:: RECORD SET ::
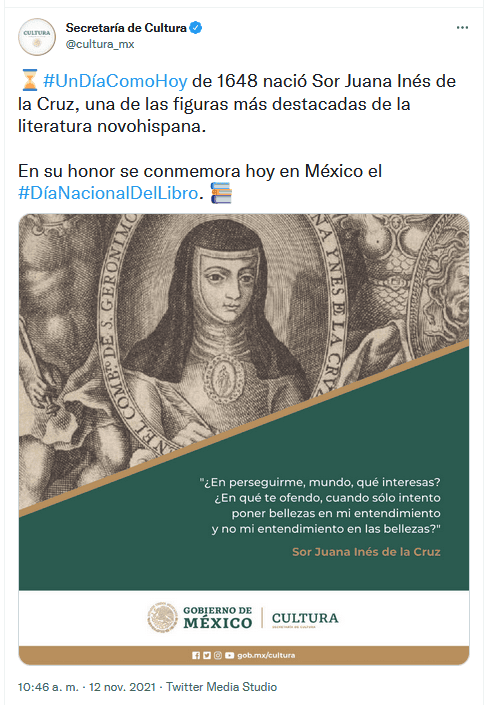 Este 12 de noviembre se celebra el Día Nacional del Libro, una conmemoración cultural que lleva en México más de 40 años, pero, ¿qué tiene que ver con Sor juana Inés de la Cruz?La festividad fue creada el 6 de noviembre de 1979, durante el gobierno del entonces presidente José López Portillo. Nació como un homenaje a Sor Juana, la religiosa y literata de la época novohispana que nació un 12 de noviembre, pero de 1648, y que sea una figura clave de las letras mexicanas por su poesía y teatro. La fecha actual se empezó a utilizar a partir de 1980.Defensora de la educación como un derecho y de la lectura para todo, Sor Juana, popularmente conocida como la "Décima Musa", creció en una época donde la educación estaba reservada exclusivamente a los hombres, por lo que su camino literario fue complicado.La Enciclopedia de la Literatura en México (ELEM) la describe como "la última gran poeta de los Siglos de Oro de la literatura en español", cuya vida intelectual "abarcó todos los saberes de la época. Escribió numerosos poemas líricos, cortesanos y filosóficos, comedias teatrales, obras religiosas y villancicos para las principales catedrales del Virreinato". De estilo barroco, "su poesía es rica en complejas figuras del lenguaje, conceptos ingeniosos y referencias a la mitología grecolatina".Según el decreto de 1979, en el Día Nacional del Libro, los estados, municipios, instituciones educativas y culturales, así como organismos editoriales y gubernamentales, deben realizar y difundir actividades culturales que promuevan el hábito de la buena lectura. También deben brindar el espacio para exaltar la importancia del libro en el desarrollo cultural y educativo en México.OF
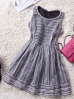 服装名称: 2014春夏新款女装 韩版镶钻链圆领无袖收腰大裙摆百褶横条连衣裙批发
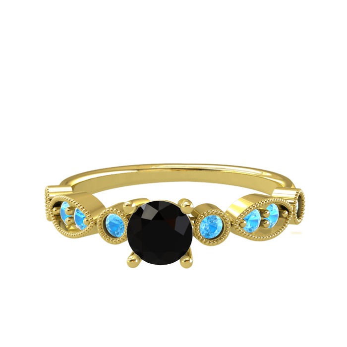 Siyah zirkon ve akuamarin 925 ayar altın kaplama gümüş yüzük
:::
:: RECORD SET ::
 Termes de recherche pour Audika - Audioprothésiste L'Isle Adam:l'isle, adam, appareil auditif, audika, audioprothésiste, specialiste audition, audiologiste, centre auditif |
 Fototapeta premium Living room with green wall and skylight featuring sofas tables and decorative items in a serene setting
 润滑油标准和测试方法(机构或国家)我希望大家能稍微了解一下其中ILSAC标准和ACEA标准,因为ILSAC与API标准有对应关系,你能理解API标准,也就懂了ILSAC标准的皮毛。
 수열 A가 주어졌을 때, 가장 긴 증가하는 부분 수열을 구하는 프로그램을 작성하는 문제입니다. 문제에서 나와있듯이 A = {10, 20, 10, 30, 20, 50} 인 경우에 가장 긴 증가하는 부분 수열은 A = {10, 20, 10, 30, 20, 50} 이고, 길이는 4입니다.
:::
:: RECORD SET ::
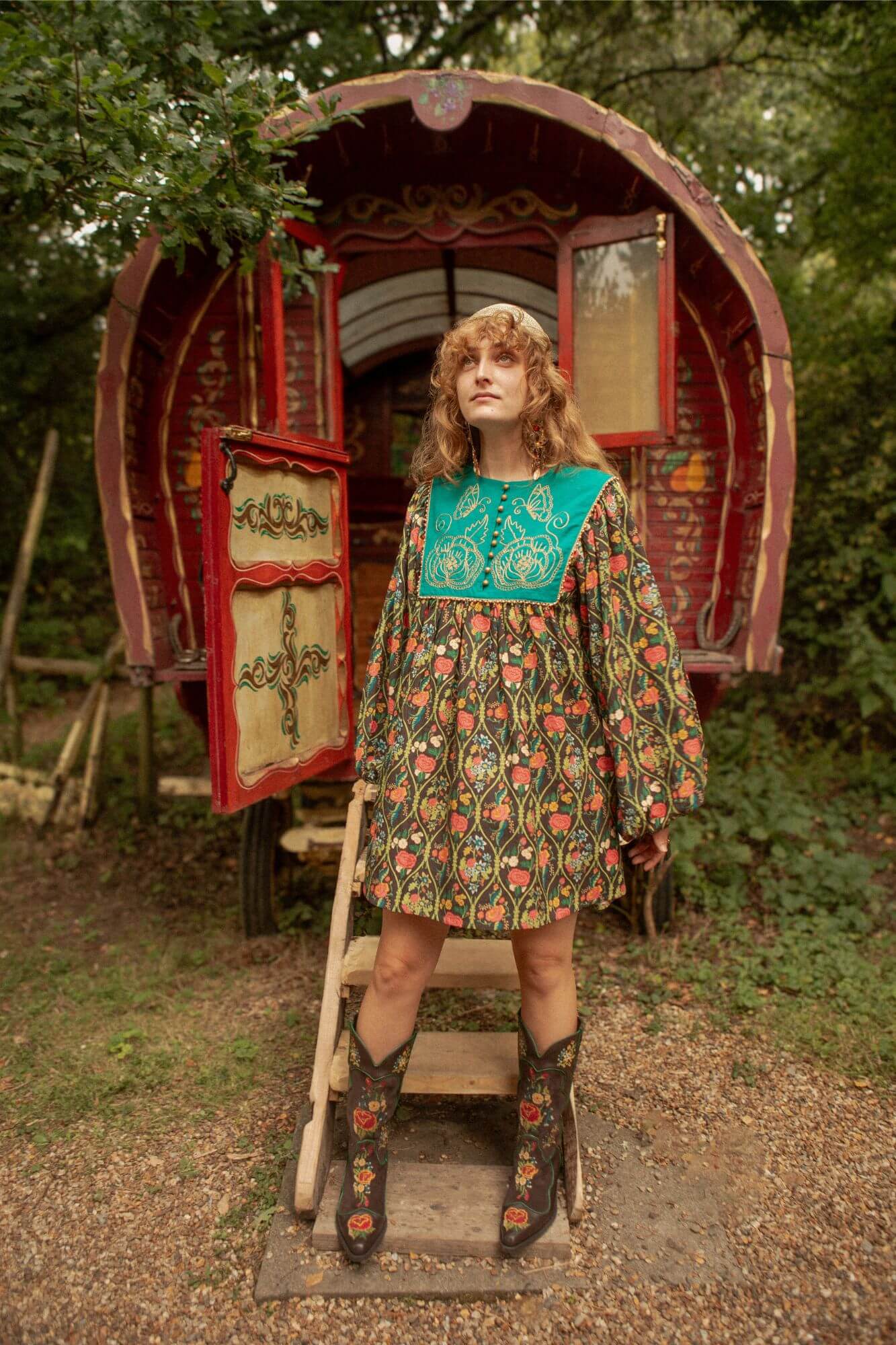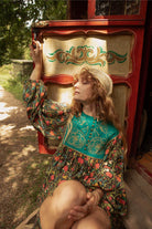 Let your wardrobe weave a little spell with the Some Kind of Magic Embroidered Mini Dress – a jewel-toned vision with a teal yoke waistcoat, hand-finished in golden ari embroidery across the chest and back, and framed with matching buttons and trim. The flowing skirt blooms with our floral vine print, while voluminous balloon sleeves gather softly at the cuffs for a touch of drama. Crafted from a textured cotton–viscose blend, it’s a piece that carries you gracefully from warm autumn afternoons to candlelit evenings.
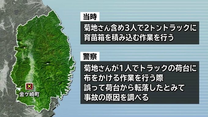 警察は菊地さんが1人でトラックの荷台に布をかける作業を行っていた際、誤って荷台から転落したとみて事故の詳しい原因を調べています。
:::
YOUR ASSIGNMENT. Copy out the lines above exactly, beginning at the one that contains "润滑油标准和测试方法(机构或" and ending at the one that contains "수열 A가 주어졌을 때, 가장".

WRITTEN RESPONSE.
 润滑油标准和测试方法(机构或国家)我希望大家能稍微了解一下其中ILSAC标准和ACEA标准,因为ILSAC与API标准有对应关系,你能理解API标准,也就懂了ILSAC标准的皮毛。
 수열 A가 주어졌을 때, 가장 긴 증가하는 부분 수열을 구하는 프로그램을 작성하는 문제입니다. 문제에서 나와있듯이 A = {10, 20, 10, 30, 20, 50} 인 경우에 가장 긴 증가하는 부분 수열은 A = {10, 20, 10, 30, 20, 50} 이고, 길이는 4입니다.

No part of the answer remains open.